● Exercise objective
Leave every picture out and return the rest of the listing verbatim.
-- Dataset section follows --
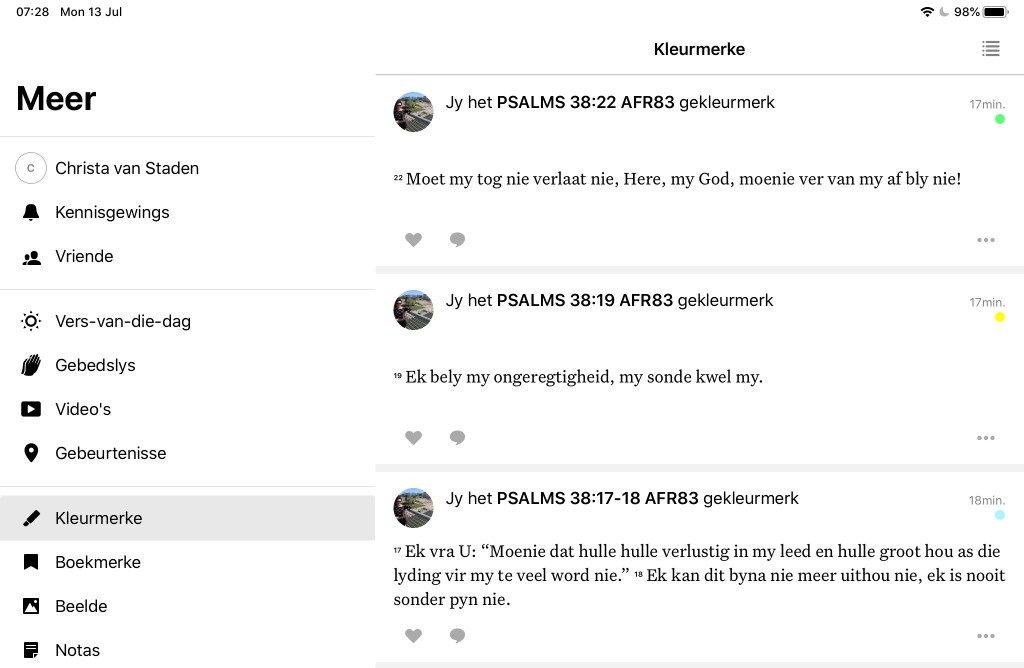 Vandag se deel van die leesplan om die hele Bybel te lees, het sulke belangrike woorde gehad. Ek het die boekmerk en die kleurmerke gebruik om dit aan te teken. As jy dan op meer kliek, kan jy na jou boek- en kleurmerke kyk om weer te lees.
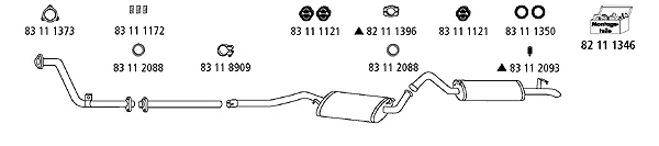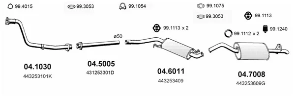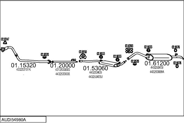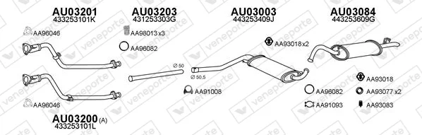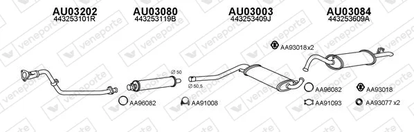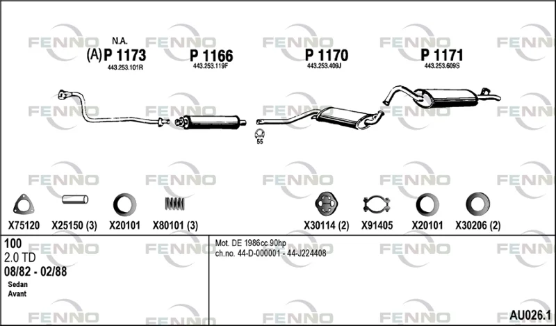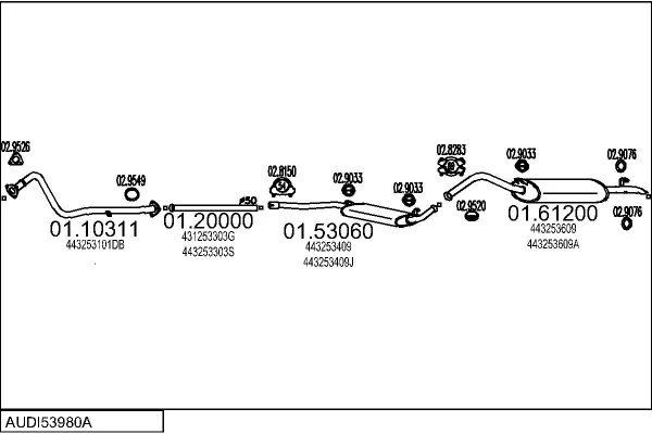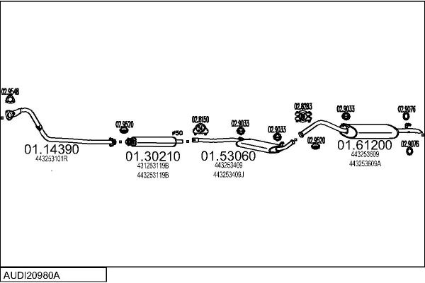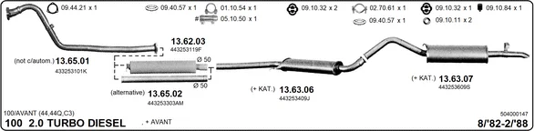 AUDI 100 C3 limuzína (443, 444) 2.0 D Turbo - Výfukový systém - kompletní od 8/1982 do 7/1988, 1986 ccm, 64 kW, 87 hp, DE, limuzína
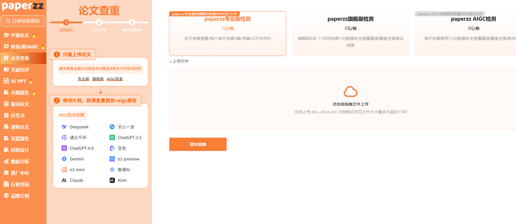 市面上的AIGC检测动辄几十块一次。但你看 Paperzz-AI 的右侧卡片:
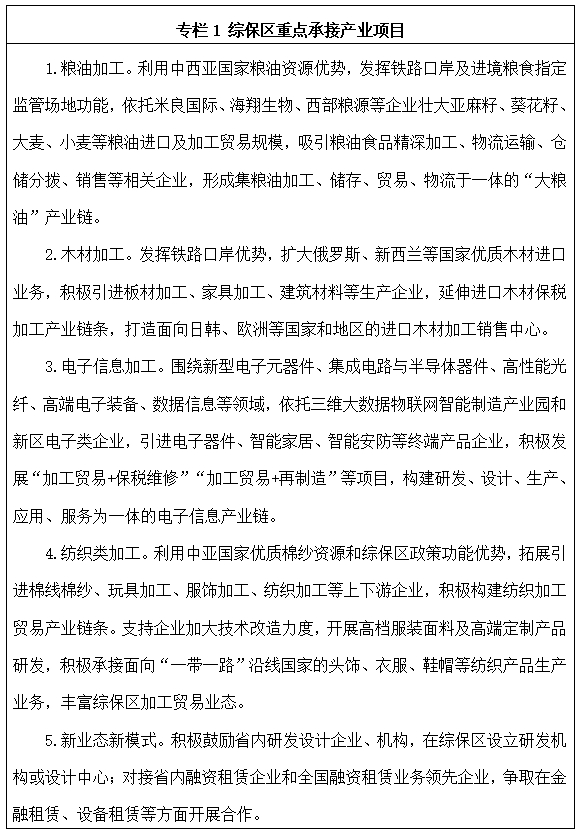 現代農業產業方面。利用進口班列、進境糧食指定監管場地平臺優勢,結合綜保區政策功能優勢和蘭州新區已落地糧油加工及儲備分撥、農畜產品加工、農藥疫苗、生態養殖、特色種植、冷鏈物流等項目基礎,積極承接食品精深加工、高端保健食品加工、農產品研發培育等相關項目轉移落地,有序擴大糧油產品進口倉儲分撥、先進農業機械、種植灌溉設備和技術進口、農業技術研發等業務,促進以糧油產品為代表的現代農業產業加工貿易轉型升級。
-- Dataset section concluded --
● Written solution
 Vandag se deel van die leesplan om die hele Bybel te lees, het sulke belangrike woorde gehad. Ek het die boekmerk en die kleurmerke gebruik om dit aan te teken. As jy dan op meer kliek, kan jy na jou boek- en kleurmerke kyk om weer te lees.
 AUDI 100 C3 limuzína (443, 444) 2.0 D Turbo - Výfukový systém - kompletní od 8/1982 do 7/1988, 1986 ccm, 64 kW, 87 hp, DE, limuzína
 市面上的AIGC检测动辄几十块一次。但你看 Paperzz-AI 的右侧卡片:
 現代農業產業方面。利用進口班列、進境糧食指定監管場地平臺優勢,結合綜保區政策功能優勢和蘭州新區已落地糧油加工及儲備分撥、農畜產品加工、農藥疫苗、生態養殖、特色種植、冷鏈物流等項目基礎,積極承接食品精深加工、高端保健食品加工、農產品研發培育等相關項目轉移落地,有序擴大糧油產品進口倉儲分撥、先進農業機械、種植灌溉設備和技術進口、農業技術研發等業務,促進以糧油產品為代表的現代農業產業加工貿易轉型升級。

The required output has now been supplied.